Soft and Hard Delete: everything you need to know

For years, I have developed many web applications, and unfortunately, users make mistakes. Among them, deleting records from the database that have a lot of value.

When I started managing these issues, I discovered that there was a way to logically delete records from the database without having to do so physically, allowing me to recover deleted records without much effort.

What are hard delete and soft delete?

Hard delete, as its name suggests, involves a physical removal of the record. Once this action is executed, the record completely disappears from the system, and the only way to recover it is through a backup, which can result in a complicated and potentially error-prone process.

Soft delete, instead of permanently removing the record, simply marks it as “deleted” by updating a specific attribute. As a result, the record remains present in the database, but at a logical level, it is deleted.

How to apply soft delete

There are many ways to implement soft delete. The most common are:

  • Adding the is_deleted column ⇒ if the record is deleted, is_deleted is true.
  • Adding the deleted_at or deleted_date column ⇒ if the record is deleted, the column will contain the timestamp of the moment of deletion.

Benefits of soft delete

Data recovery

The ability to mark records as deleted instead of physically removing them allows for data recovery in case of errors or restoration needs. Simply unmark the record as deleted and voila, we can recover a deleted item without needing to resort to a backup.

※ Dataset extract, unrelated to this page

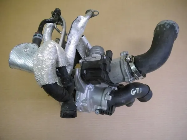 Turbocompresor usado para vehículos Audi y VW con motor 2.0 TSI. Esta pieza es un componente de equipo original (OEM), marcado con el logo del fabricante. El número de pieza es 06K145701M. Se incluye una factura de IVA y está empaquetada en una caja de reemplazo.

Some processes may need the information of a deleted item (graceful deletion)

Sometimes, a process needs to consult records that have been deleted. If we apply a hard delete, this is complicated, as we would need to resort to an auxiliary table from which to consult these data. However, with soft delete, it is much simpler, all we have to do is ignore the attribute that determines whether a record is deleted or not.

Maintaining referential integrity and avoiding cascade deletion

By keeping records in the database, soft delete can help maintain referential integrity in systems with relationships between tables. Moreover, even if foreign keys are not used, deleting a record whose references may be scattered throughout the code can introduce errors.

Problems with soft delete

Difficulty in recovering data

But… hadn’t we said that one of the advantages was to recover the deleted data?

In my experience, this is not always easy. Recovering a deleted record can leave some parts of the system inconsistent ( for example, projections built from events).

Before recovering a record, it is necessary to determine what logical actions must be implemented to support the recovery of deleted items.

Undesired access to deleted data

Data marked as deleted can still be accessible through direct database queries, so it is crucial to manage these queries adequately.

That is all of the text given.